Oral de soutenance du mémoire de maîtrise


Introduction :

Les recherches historiques peuvent amener deux sortes d’études : d’un côté, les études qui exploitent un corpus qui leur est préalablement fourni, de l’autre, les études qui constituent leur corpus à partir d’un sujet ou d’une problématique.
C’est cette deuxième procédure que j’ai ici réalisée. Je vais tenter de résumer l’ensemble de ce travail suivant trois axes majeurs, tout d’abord par une présentation méthodologique, puis je ferais un exposé des évènements historiques. Enfin, je m’intéresserais à la subjectivité des représentations.

I. Présentation méthodologique

1. Création et définition d’un cadre et d’un objet de recherche.

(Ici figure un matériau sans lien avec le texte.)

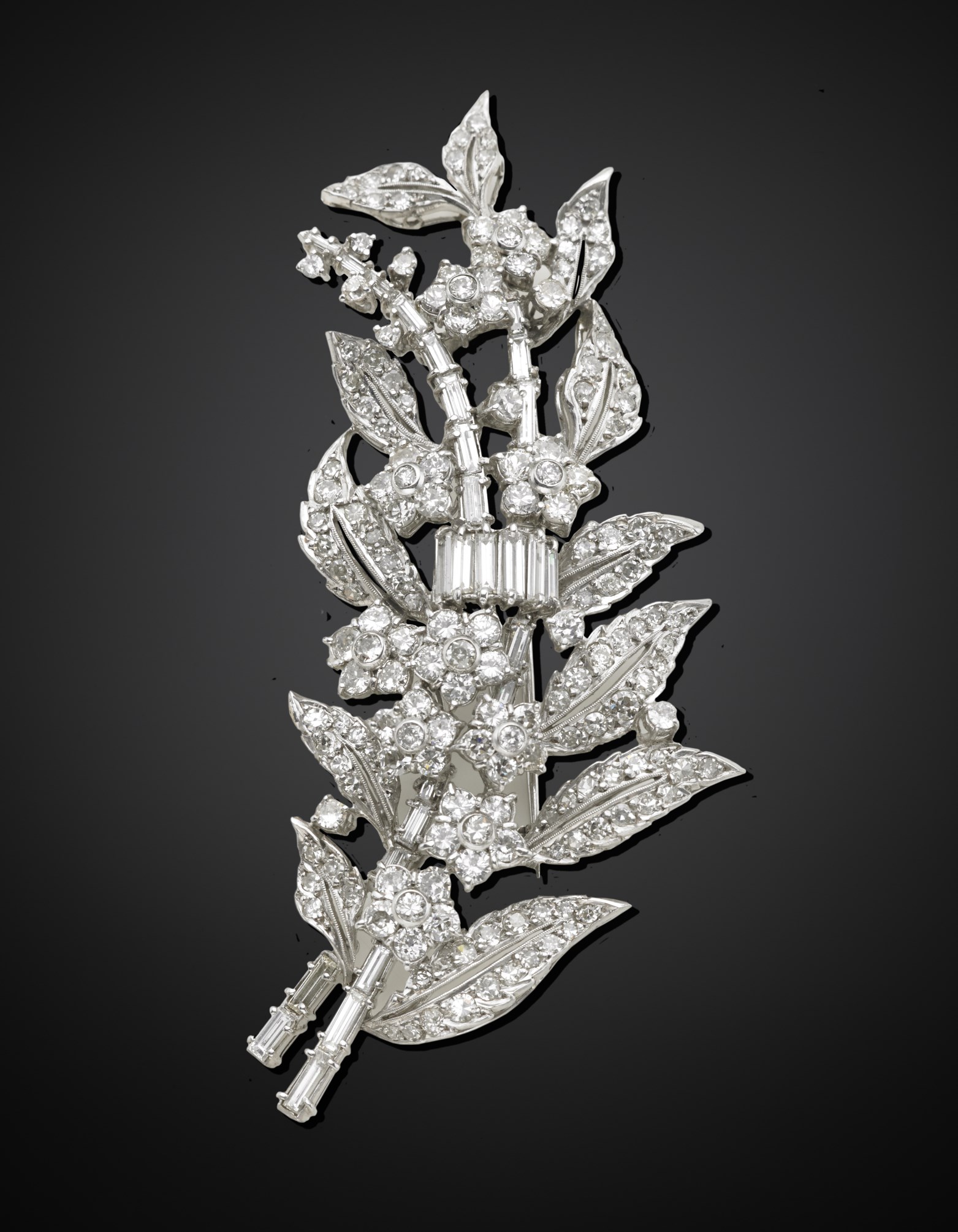 Spilla a motivo floreale in oro bianco con diamanti rotondi e baguette, g. 37,80 Floral white gold and diamond brooch

La constitution d’un objet de recherche est un travail propre à chacun. En ce qui me concerne, j’avais certainement le désir de comprendre mieux les stigmates encore visibles sur la Cathédrale Notre-Dame et principalement au niveau de la tour nord. J’ai donc décidé de consacrer mes recherches à la Cathédrale de Reims durant la Première Guerre mondiale et principalement à son iconographie. Pourquoi ce choix de l’image ? Je pars d’une constatation : « les hommes n’agissent pas en fonction du réel mais en fonction de la représentation qu’ils se font du réel » et en ce sens, l’image transmet un message plus important que ne pourrait le faire un texte. L’image apparaît donc plus vrai dans sa représentation de l’imaginaire que l’écrit.
Après avoir défini son cadre de recherche, il convient d’acquérir une culture historique sur la période ainsi définie. Deux ouvrages généraux apparaissent comme des références : celui de M. Jean-Jacques BECKER, L’Europe dans la Grande Guerre et celui de M. Pierre MIQUEL, La Grande Guerre (ouvrage sur lequel je reviendrais dans cet exposé).

2. Formation d’un corpus.

Une fois que l’objet de la recherche est défini, il convient de constituer un corpus de sources. Tout d’abord, ma première démarche a été la recherche d’inventaires préexistants.
Il existe un inventaire iconographique réalisé de 1916 à 1922 et consacré à la collection Leblanc en 8 volumes. Un autre inventaire plus spécifique a été réalisé par René Druart sur le thème de l’iconographie rémoise de la guerre et paru dans les Travaux de l’Académie Nationale de Reims en 1921.
Une fois ce premier dépouillement effectué, il convient de dénicher les collections. Il en existe de deux sortes : celles publiques et celles privées. Sans rentrer dans les détails, j’ai consulté les inventaires de la Bibliothèque Municipale de Reims (qui possède d’ailleurs un catalogue iconographique microfilmé), celui du Musée des Beaux-Arts, de l’Hôtel-Le-Vergeur et à cela se rajoute quelques documents provenant du cabinet des estampes de la B.D.I.C. et de l’Historial de la Grande Guerre de Péronne. Au niveau des collections privées, je signale rapidement celle de Madame Sénéchal, de Monsieur Procureur, de Monsieur Rigaud, de l’Abbé Goy et de Monsieur Cosnard. L’essentiel de mon corpus a été fourni grâce à cet inventaire des collections privées.

3. Inventaire.

Dès le début du dépouillement, il convenait d’établir un certain nombre de rubriques, valables aussi bien pour une carte postale que pour une médaille.
Sous une base de données Excel, j’ai donc établi 12 rubriques : la cote, la nature du document, l’auteur, le titre, le format, les dimensions, la couleur, l’éditeur, le lieu d’édition, la date, la collection dont il est issu ainsi qu’un court descriptif.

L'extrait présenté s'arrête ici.